Over and above ongoing funding and support for new infrastructure projects, the public universities are likely to need some kind of financial bailout for repairs to protest damage. The Chinese University of Hong Kong (CUHK), for one, estimates repair work will cost at least HK$70 million ($13.1 million) including the replacement of 75 university vehicles. City University (CityU) estimates it will have to foot an even higher repair bill.

In the meantime, Hong Kong’s battered universities have taken steps to prevent further damage. Students returning to campuses in recent days for the start of a new semester found a variety of security measures in place, from turnstiles and card-readers to security guards. Student and staff movements can now presumably be monitored.

“The campus access control will be retained from the beginning of this second term until further notice,” a CUHK spokesperson says. “The university will review the level of security measures in line with risk assessment of the prevailing situation”.

Hong Kong Baptist University (HKBU), too, now requires “all students and colleagues entering the campus … to show or scan their student or staff cards, while visitors entering campus need to register, and have their identity and purpose of visit verified by their HKBU hosts”.

One fourth-year HKBU student says she is suspicious of the action. The university has never had those sorts of checkpoints in the past, the Hong Kong–born 21-year-old says, and the increased security would not necessarily prevent violence because attacks could always happen just outside university gates.

“I think it’s more like tracking students,” she says. “They will have records of who comes in, and when they come and when they leave.”

Led by Hong Kong’s young, including university and school students, the Hong Kong protests have been fuelled by China’s steady encroachment on civil liberties, by the shortage of housing and by the perceived loss of jobs to “mainlanders”.

Although there is widespread support for the movement, some students question whether the violence and material damage associated with the protests is justified. The HKU social science student says the protesters haven’t achieved anything, and haven’t even won sympathy for the cause from the public.

“Protesters defendviolent protests saying that no one knows if protests can work untilthey try it,” the Hong Kong local says. “If that’s so, then political analysts and anyone in theactuarial industry can pack their bags because apparently makingeducated estimates is not a thing.”

Crowds of mainland and foreign students enrolled at Hong Kong universities fled last year when the protests hit campuses, and the reputation of Hong Kong’s internationally prestigious universities may be permanently affected.
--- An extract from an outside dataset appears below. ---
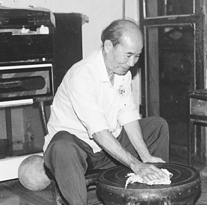 韋萬義出生在世界銅鼓之鄉(xiāng)東蘭縣蘭陽鄉(xiāng)一個偏僻山村的壯族農(nóng)民家庭里。他的家里祖?zhèn)魉接秀~鼓4面,家族集體所有5面,可算“銅鼓之家”。1974年,他到金城江辦事,隨意走走幾家舊收購店,發(fā)現(xiàn)一家店鋪收購有2面銅鼓,便對該店負責(zé)人說:“我想買你的銅鼓作道具,讓它回到民間,恢復(fù)它在民族文化生活中的作用,絕不能將好的銅鼓當作廢品處理?!痹谡鞯玫曛鞯耐庵?,他迅速返回家變賣一些家產(chǎn),把2只鼓買了回來。時隔不久,他又出差到金城江,發(fā)現(xiàn)另一家廢舊回收店也收到一面銅鼓,便找店主協(xié)商。最后又將家里常用的銅鍋、銅盆和魚網(wǎng)腳子拿去兌換回來。

Ranking 35 in the world according to the current Times Higher Education rankings, HKU has a stellar academic reputation. According to the same table, CUHK has a ranking of 57. By comparison, the University of Sydney has a ranking of 60 and the Australian National University 50.

Foreign students, including Australians, have long flocked to Hong Kong to study and numbers have increased over the past five years to just over 18,000 in 2018-19. Many believe those days are numbered.

HKU’s Dr Fu thinks the appeal of Hong Kong’s universities will remain “profoundly” affected by the negative publicity of the protests, at least over the short term.

“The general impression is that Hong Kong may no longer be a safe place any more especially on the university campuses,” he says. “Every time videos of police violence and use of teargas are circulated in the media, it reinforces people’s general impression, even though most of the places in Hong Kong are indeed peaceful and safe. I believe many foreign students, especially mainland students, may choose to study somewhere else.”